*PROBLEM STATEMENT*
The expected output is every line of the data exactly as shown, minus the images.

*DATASET CONTENT*
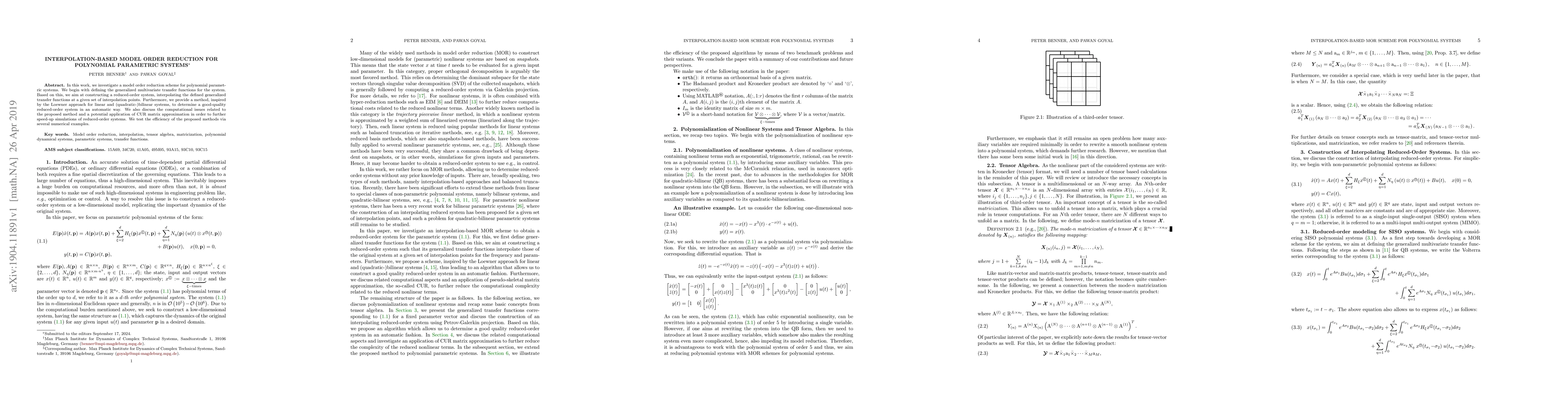 This paper proposes an interpolation-based model order reduction technique for polynomial parametric systems, constructing a reduced-order model that interpolates generalized multivariate transfer functions at specified points. It also introduces an automatic method inspired by the Loewner approach to determine a high-quality reduced-order system and discusses computational efficiency, including potential use of CUR matrix approximation for faster simulations.
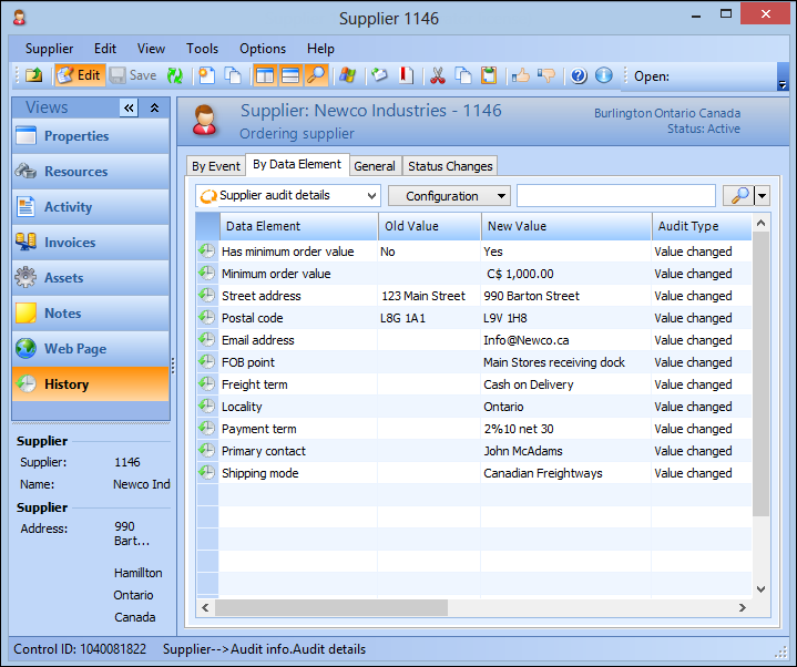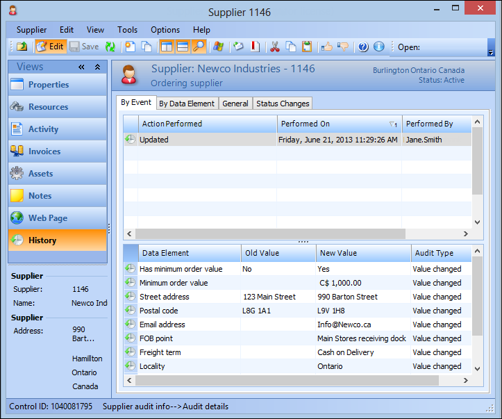 4. Select the By Data Element tab to view audit details for each data element that was altered.
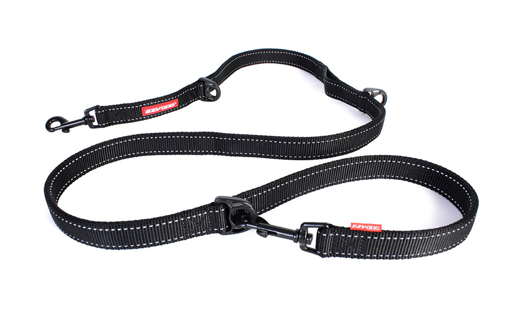 1本で150/100cmのリードや、たすき掛け、2頭引きや、長/短の仮の係留にも使えるリード。リード部分は2重になっており丈夫です。反射機能付。
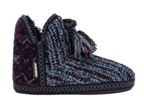 Muk Luks Mollie Dark Purple Knit Slippers Womens XL 11-12 Ankle Bootie Cozy Shoe

*OUTPUT OF THE EXERCISE*
 This paper proposes an interpolation-based model order reduction technique for polynomial parametric systems, constructing a reduced-order model that interpolates generalized multivariate transfer functions at specified points. It also introduces an automatic method inspired by the Loewner approach to determine a high-quality reduced-order system and discusses computational efficiency, including potential use of CUR matrix approximation for faster simulations.
 4. Select the By Data Element tab to view audit details for each data element that was altered.
 1本で150/100cmのリードや、たすき掛け、2頭引きや、長/短の仮の係留にも使えるリード。リード部分は2重になっており丈夫です。反射機能付。
 Muk Luks Mollie Dark Purple Knit Slippers Womens XL 11-12 Ankle Bootie Cozy Shoe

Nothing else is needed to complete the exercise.